国土地理院の地図によれば月山は標高1287.2メートル、北緯36°50分45秒、東経139度39分33秒の地点を示していて、ここはその月山から南西に400メートルも離れている。標高は57メートル低い。ここは月山でないのは明らかだ。登山者には不要な山名板だと思う。
設置者になんらかの意図があってここを月山山頂としたのだと思うが、その意図ははたしてなんなんだろう?

※上に書いた緯度経度は地図ソフト「カシミール3D」を使って割り出したものであり、コンマ以下は略した。

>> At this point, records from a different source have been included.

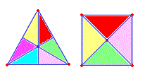 Per Platone le facce dei quattro solidi regolari (esclude il dodecaedro) sono costituite da due soli tipi di triangoli rettangoli; il triangolo rettangolo isoscele e il triangolo rettangolo scaleno. Il quadrato deriva dall'unione di quattro triangoli isosceli mentre il triangolo equilatero deriva dall'unione di sei triangoli rettangoli scaleni aventi l'ipotenusa doppia del lato minore.
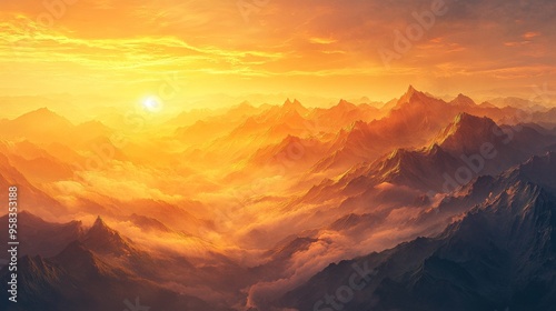 Naklejka premium A breathtaking sunrise over a mountain range, with the first light of day casting a golden glow on the peaks and mist swirling in the valleys below, creating a serene and majestic scene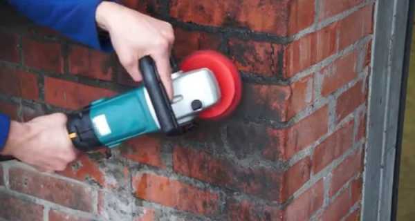 - Подготовка заключается в удалении старой штукатурки, наплывов кладочного раствора, краски, а также пыли и загрязнений. Проще всего зачистить поверхность своими руками с помощью угловой шлифмашинки. Швы между кирпичами углубляют на 0,5-1 см.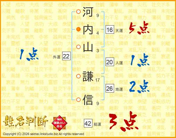 河内山謙信さんの総運は42画の3点!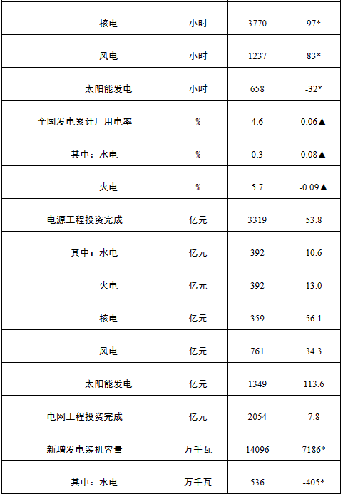 注:1.全社會用電量為全口徑數(shù)據(jù),全國供電量為調(diào)度口徑數(shù)據(jù)。2.“同比增長”列中,標(biāo)*的指標(biāo)為絕對量;標(biāo)▲的指標(biāo)為百分點(diǎn)。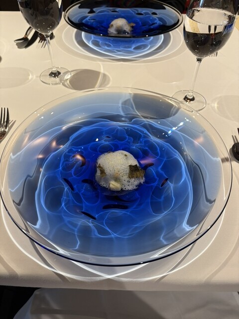青の洞窟の前菜はお皿が海のよう、まるで本当に青の洞窟の色、行ったことはありませんが(╹◡╹)

本来とは異なる場所なのに「月山」という山名板がつけられている標高1230メートルのピークからの眺めはとてもいい。遠く霞んで筑波山が見える。
時間もよろしいようなんでここで昼食としましょう。Wさん、持参したストーブでお湯を沸かして熱々のスープをご馳走してくれた。もうすっかり”山の人”になってしまった。


下山は順調に進行していたわけではない(笑)
休憩したピーク1230から数分歩いたところでまたもや尾根を間違えた。
まっすぐ延びている尾根を進んだところ笹原になったのだ。
進んでいる方向を確かめると南南西に向かっていて、そのまま進むと崖に出くわすように地図が読める。
実はピーク1230の先は南南西に向かう尾根と北西に向かう尾根とに分岐していて、自然と南南西に向かってしまったのだ。
ふ~、これで本日2度目(いや、正確に言うと3度目だ)の道間違い。ふたり、顔を見合わせて笑ってしまった。50メートルほど戻って正しいルートに乗ったのは言うまでもない。


鎖がかかる大きな岩を下る。
ここから200メートルほど先はダムの管理道路だ。


昭文社「山と高原地図」に描かれているもうひとつ別の登山口。ここはすでにアスファルト道路である。


管理道路の分岐点。
右へ折れると栗山ダムの畔へ出る。道なりに左へ進むと駐車場。


一日中、快晴のままゴールとなった。
この広い駐車場にハイカーの車は朝と同じく我らだけ。
せっかくだからと、座ってコーヒーを作り空を見上げながら飲んだ。


ツツジの季節から外れた平日ということもあって駐車場は管理人の車のみ。
登山者とも出会わなかった。
簡単に登れるし展望も悪くはない。しかも下山ルートには尾根が分岐する。読図の練習にもってこいのルートである。
最大の難点は公共の交通手段がないからマイカーでしか来れないこと。といって高額な代金を支払ってタクシーで来るほどの価値があるのかといえば疑問符が付く。マイカーをもつ仲間を募ってグループで行くのがいいと思う。